With respect to defendant Divinia Acayan, plaintiff alleges as follows: Recently, On 2/16/03 (Complaint filed) I was told by Nurse (DIVINIA) Not licensed that I had to have a T.B. shot. I asked her to look in my Medical Records, because I had just had one. She came back (2) two day's later and said she did not have to look at my records and that if I didn't take the shot I would have to be forced and taken to the hole...

Am. Compl. at 4 (verbatim transcription).

In his opposition to defendants' motion for summary judgment, plaintiff clarifies that he believes his Fourteenth Amendment rights were violated by defendant Acayan because she unnecessarily exposed him to tuberculosis by performing a tuberculosis test on plaintiff despite his informing her he had had a tuberculosis test shortly before his arrival at the San Joaquin County Jail. Opp'n at 16. Defendants do not present any evidence suggesting plaintiff did not tell defendant Acayan he had recently had a tuberculosis test at a different institution or that repeated tuberculosis testing exposes the person being tested to tuberculosis. Thus, there is evidence before the court that defendant Acayan's testing of plaintiff for tuberculosis was excessive in relation to a legitimate non-punitive purpose. Plaintiff has presented facts upon which a finding of a denial of plaintiff's Fourteenth Amendment rights could be based.

Defendants, however, are correct that defendant Acayan is entitled to immunity from plaintiff's claim. No federal law decided at the time of plaintiff's interaction with defendant Acayan put Acayan on notice that by administering a tuberculosis test to plaintiff shortly after his arrival at the San Joaquin County Jail, after having been informed by plaintiff that he had had a tuberculosis test shortly before his arrival, she would be violating his Fourteenth Amendment rights and subjecting him to punitive conditions of confinement. Cf. Washington v. Cambra, No. C 95-3216 THE, Slip Op. at 4 (N.D. Cal. August 27, 1996) (TB test conducted twelve weeks after previous test did not violate Fourteenth Amendment). For this reason, the court will recommend that defendant Acayan be granted summary judgment with respect to plaintiff's Fourteenth Amendment claim against her.


1. Defendants' motion for summary judgment (#46) be granted and denied as follows:

A. Denied with respect to defendants' motion regarding plaintiff's claims against defendant Franks;

B. Granted with respect to plaintiff's claims against defendant Dunn, resulting in defendant Dunn being dismissed from this action; and C. Granted with respect to plaintiff's claims against defendant Acayan, resulting in defendant Acayan being dismissed from this action.

2. Plaintiff be ordered to file his pretrial statement within twenty days of any adoption of these findings and recommendations, and defendant Franks be ordered to file his pretrial statement within twenty days of service of plaintiff's statement.

These findings and recommendations are submitted to the United States District Judge assigned to the case, pursuant to the provisions of 28 U.S.C. § 636(b)(l). Within twenty days after being served with these findings and recommendations, any party may file written objections with the court and serve a copy on all parties.
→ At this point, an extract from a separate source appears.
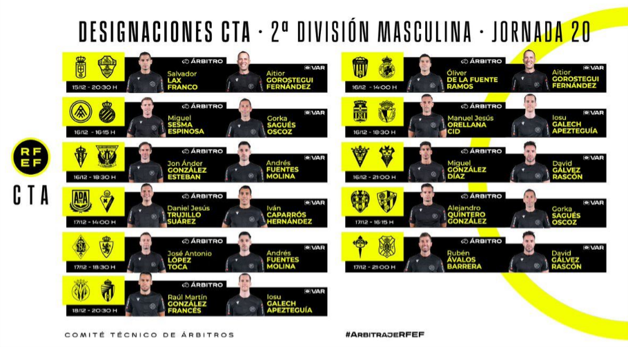 Esta mañana conocíamos que el árbitro designado por el CTA (Comité Técnico de Árbitros) para el partido correspondiente a la jornada 20 de La Liga Hypermotion entre el FC Andorra – Espanyol es el riojano Miguel Sesma Espinosa.

Such a document should be captioned "Objections to Magistrate Judge's Findings and Recommendations." Any reply to the objections shall be served and filed within ten days after service of the objections. The parties are advised that failure to file objections within the specified time may waive the right to appeal the District Court's order. Martinez v. Ylst, 951 F.2d 1153 (9th Cir. 1991).